El peregrinaje sin propósito de Herzog se parece al peregrinaje de los fieles que se dirigen a una tierra lejana con el propósito único de adquirir un bien intangible e inverificable. Este espíritu de exaltación y de júbilo que solo dan las empresas inútiles en la naturaleza es bien conocido por los corredores de montaña, gente sin juicio que recorre cientos de kilómetros sin otro resultado que arruinarse las rodillas y disfrutar del júbilo de lanzarse cuesta abajo a toda velocidad o sentir el corazón palpitar de esfuerzo conforme se acercan a la cima. En esta especie hay un tipo de corredora que me interesa particularmente: no es la que persigue el podio, sino la que busca su propio júbilo en movimiento. La velocidad en esta corredora no proviene del deseo de la cima o del anhelo del fin de la jornada, sino de la alegría que produce el sol, la llovizna y el silbido del viento en los oídos ––la mejor tonada del viento es la que se oye cuando el cuerpo va a toda velocidad––. Son los estímulos de la naturaleza los que dan energía y cadencia a las piernas, no la anticipación mental de la meta. Esta es la mejor forma de estar en la naturaleza, ya lo había señalado Thoreau, porque es la única vía en la que los sentidos están en perfecta consonancia con su entorno. El propósito de estar en la naturaleza es justamente no tener propósito: es la única forma en la que se alcanza la atención plena que requieren las cosas naturales.

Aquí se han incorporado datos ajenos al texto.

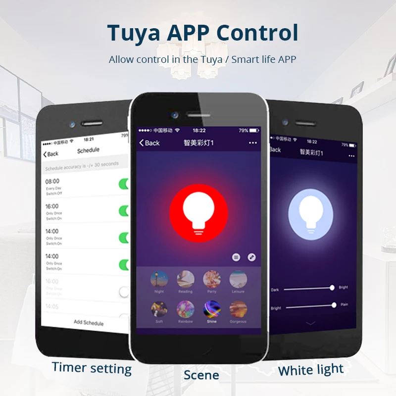 -Поддержка 2,4g wifi управления-Простая установка, хорошо работает-Упростите свою жизнь: у него есть функция дистанционного управления, управляемая приложением-Tuya (бесплатно) на вашем телефоне. Поэтому вам никогда не нужно выходить из теплой кровати или сиденья, чтобы выключить светильник.-Радуга цветов: Цветовая температура светильник от 2000k до 9000k. Более 16 миллионов цветов на ваш выбор, и все они являются регулируемыми. Вы можете легко установить цвет, чтобы соответствовать вашему настроению с регулируемой яркостью-Не требуется оттенок, отлично работает с Alexa и Google Home, так что вы можете легко включать/выключать лампу, регулировать цветовую температуру или яркость только своим голосом.-Просыпайтесь с вашим любимым светильник: с функцией таймера, он может быть настроен для включения с вашим любимым светильник утром, когда ваш обычный сигнал тревоги выключается.-Обмен: обмен устройствами с вашими семейными мужьями. Для этого вы можете наслаждаться высококачественной жизнью с семьей-Групповое управление: Добавьте несколько устройств в группу. Для этого вы можете управлять ими вместе за один раз. Вы можете создать группу для всех ваших умных устройств и контролировать их все в одной команде.

Son los estímulos de la naturaleza los que dan energía y cadencia a las piernas, no la anticipación mental de la meta.
Nan Sheperd distingue también entre dos tipos de montañistas, los que buscan extraer sensaciones de la montaña: la vista impactante, la cumbre honrosa, el avistamiento de animales esquivos; y quienes escuchan y atienden. Dice Sheperd: “A menudo la montaña se entrega por completo cuando no tengo destino alguno, cuando no llego a ningún sitio en concreto, sino que he salido simplemente para estar con ella, igual que se visita un amigo sin más intención que la de estar con él”.
Los paseos sin propósito en la naturaleza, los que obligan a centrar la atención plenamente en lo que ella nos presenta, son una forma de la poesía porque expanden la percepción y abren la mirada a lo que está oculto para quienes persiguen otros fines por fuera de las cosas naturales. Al caminar sin propósito en los bosques o montañas se renuncia a todo deseo individual, no importan las ideas que el caminante ha hecho de sí mismo, de sus capacidades o de los parajes que necesita ver, sólo permanece la naturaleza y las posibilidades que entrega. Esta forma de lo poético no se encuentra en los caracteres de la página y está solo disponible para quienes la practican. Es la tonada del viento que suena para los caminantes sin propósito.